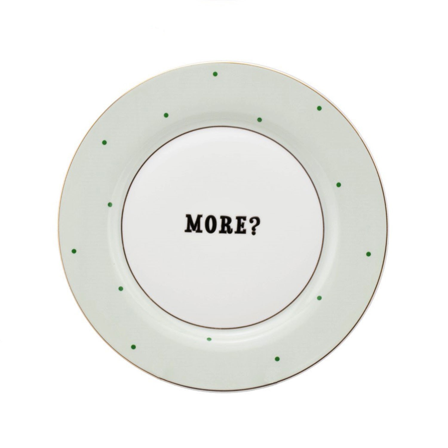 Questo piatto da dolce in fine porcellana, impreziosito da un fine bordo dorato e abbellito da un contorno verde pastello a pois e dalla scritta centrale More?, è perfetto da abbinare agli altri nostri piatti a tema della collezione Yvonne Ellen per creare un simpatico gioco di colori in tavola. Si raccomanda il lavaggio a mano.
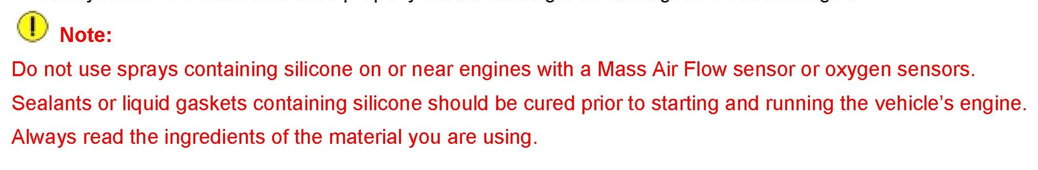 ^ Do not use sprays containing silicone on or near running engines with a Mass Air Flow sensor or Oxygen sensors.
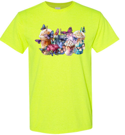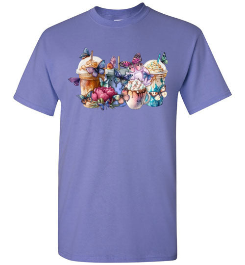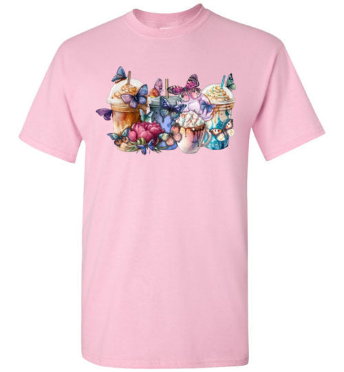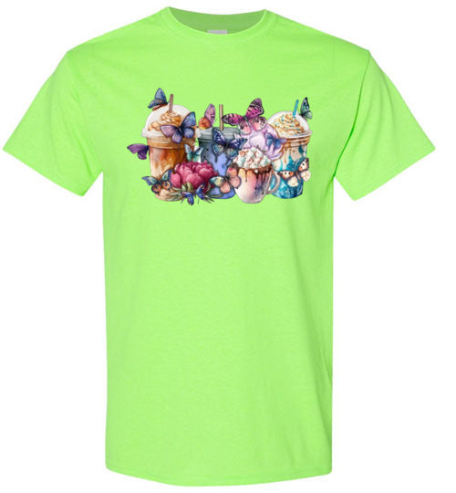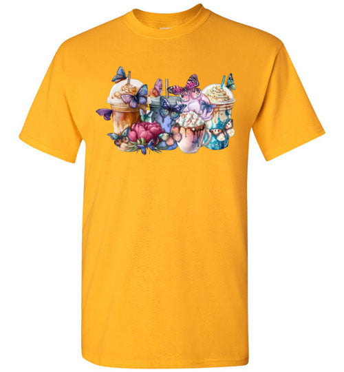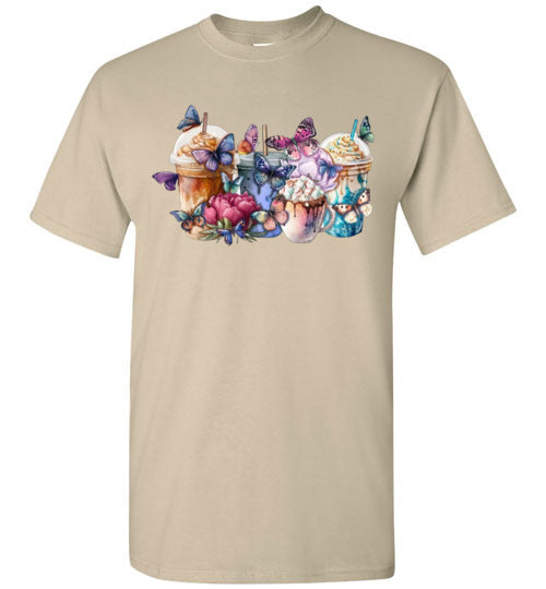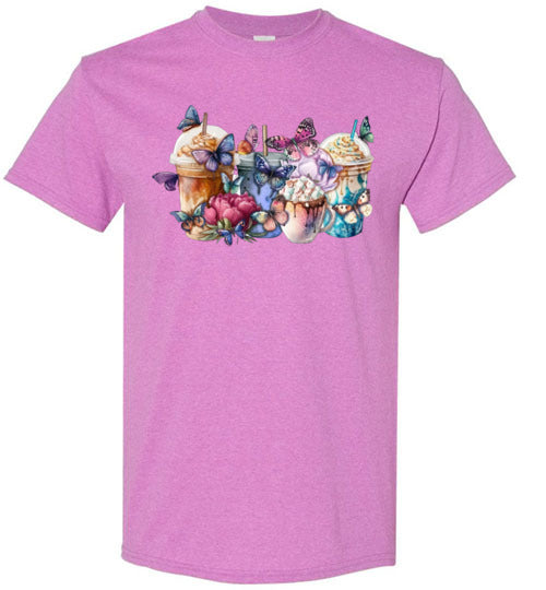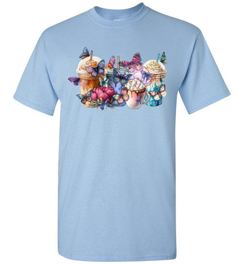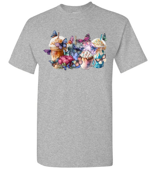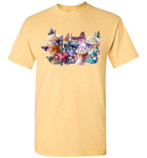 Whimsical Butterfly and Coffee Cups Graphic Tee Shirt Top T-Shirt

_____

-- Work item --
The result should be the same data as above, line for line, with the pictures gone.

-- Your solution --
 Questo piatto da dolce in fine porcellana, impreziosito da un fine bordo dorato e abbellito da un contorno verde pastello a pois e dalla scritta centrale More?, è perfetto da abbinare agli altri nostri piatti a tema della collezione Yvonne Ellen per creare un simpatico gioco di colori in tavola. Si raccomanda il lavaggio a mano.
 ^ Do not use sprays containing silicone on or near running engines with a Mass Air Flow sensor or Oxygen sensors.
 Whimsical Butterfly and Coffee Cups Graphic Tee Shirt Top T-Shirt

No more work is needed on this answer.